Geração de leads na advocacia: WhatsApp como funil

Diogo Leão

Todo escritório de advocacia usa WhatsApp. Quase nenhum trata isso como processo. O app vira plantão informal, onde mensagem se perde, gente some sem resposta e nenhum dado sobre a conversa fica registrado em lugar nenhum. Isso não é gestão. É sorte disfarçada de atendimento, e sorte não escala junto com o tamanho do escritório. É exatamente aí que entra a geração de leads na advocacia pensada como funil, não como bagunça organizada.

WhatsApp bem estruturado vira a ferramenta mais barata e mais rápida de captar contato qualificado, sem custo de mídia paga envolvido. Mal estruturado, vira fonte de risco ético e de cliente perdido por demora.

Esse artigo mostra como transformar o improviso em processo, sem sair da régua que a OAB já definiu. Não é sobre ferramenta nova. É sobre organizar o que o escritório já usa todo dia, com etapa clara e responsável definido pra cada contato que chega.

01WhatsApp e a geração de leads na advocacia: central sem funil

O primeiro contato de quase todo cliente hoje passa pelo WhatsApp. Vem depois de uma busca no Google, de uma indicação, de um post visto no Instagram. Mas o que acontece depois desse primeiro "oi" costuma ser puro improviso, sem plano nenhum por trás.

Sem etapa definida, sem responsável fixo, sem critério de prioridade. Cada advogado responde do seu jeito próprio, quando lembra, e o escritório nunca sabe quantos contatos viraram cliente de fato. Isso é operação sem funil, e operação sem funil não escala.

Quem trata WhatsApp como plantão está, na prática, jogando fora dado valioso. Cada conversa carrega informação sobre origem do contato, tipo de demanda e motivo de desistência. Sem registrar isso em algum lugar, o escritório repete o mesmo erro de captação todo mês, sem nunca identificar o padrão.

Um cenário comum ilustra o problema. Segunda de manhã chegam doze mensagens no WhatsApp do escritório. Três viram consulta agendada, duas somem sem resposta por três dias, sete ficam sem retorno nenhum porque ninguém tinha responsabilidade clara sobre aquele número naquele momento. No fim do mês, ninguém sabe quantos desses doze poderiam ter virado contrato, e essa incerteza se repete todo mês seguinte.
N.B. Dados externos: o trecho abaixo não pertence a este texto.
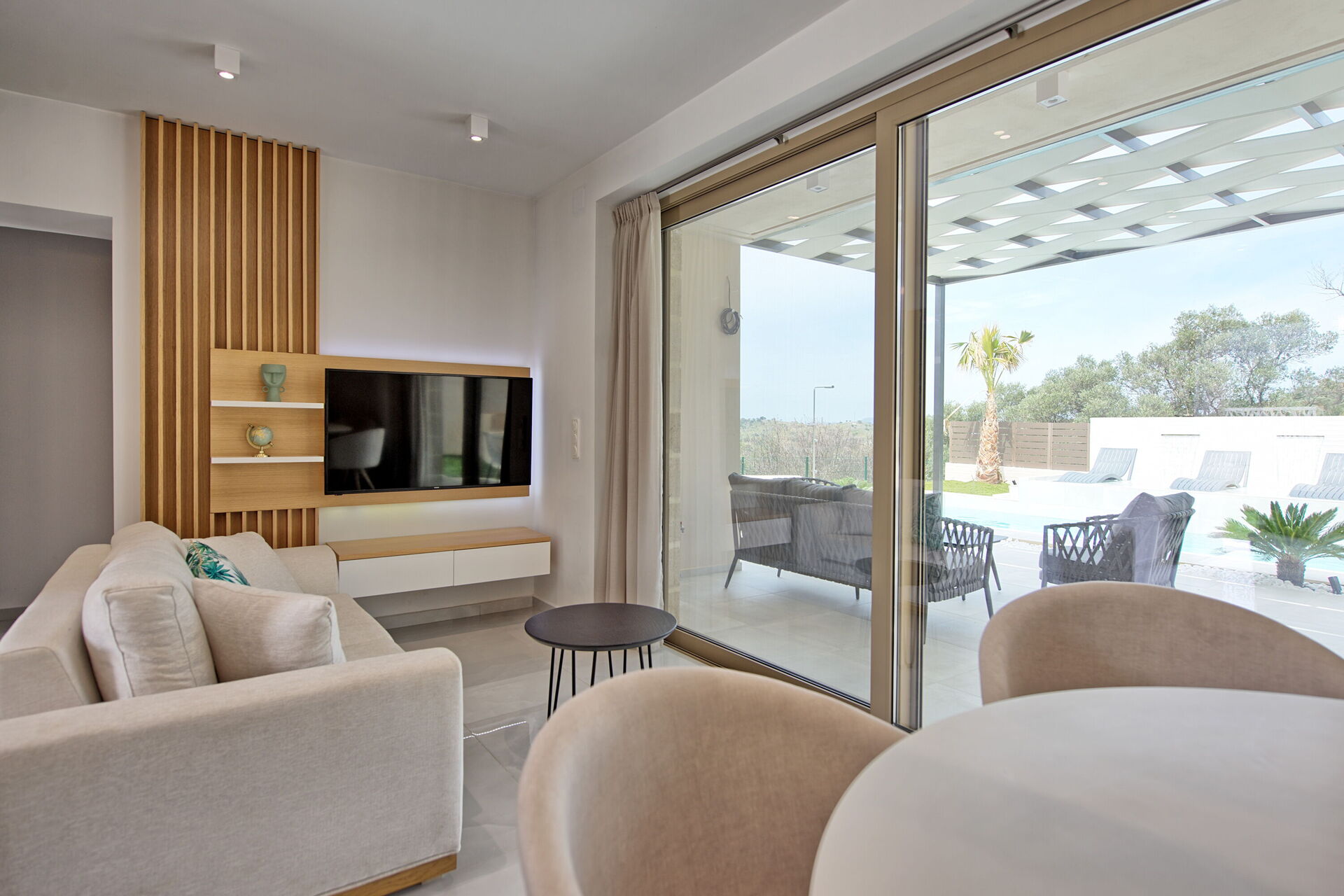 Die Villa ist Teil des Silentium-Komplexes, der aus einer Panoramagruppe von 3 freistehenden Villen mit jeweils einem privaten Schwimmbad besteht: Neben der Villa Silentium Olia gibt es die Villa Silentium Evilia und die Villa Silentium Ionia (beide Villen in unserem Mietprogramm): die drei Villen können auch alle drei zusammen für ein Familientreffen oder eine große Gruppe von Freunden gemietet werden.

02O que a OAB permite mandar por WhatsApp

A regra central está no art. 46 do Código de Ética: telefonia e internet podem servir de veículo publicitário, inclusive pra mensagem a destinatário certo, desde que isso não vire oferta de serviço nem captação de clientela.

Na prática, isso libera três frentes. Primeiro, comunicação com cliente que já contratou: lembrete de prazo, aviso de audiência, cobrança de documento. Segundo, contato com quem procurou o escritório primeiro, seja por formulário, seja por indicação direta. Terceiro, conteúdo informativo enviado a lista de pessoas que autorizaram receber, sem induzir litígio nem prometer resultado.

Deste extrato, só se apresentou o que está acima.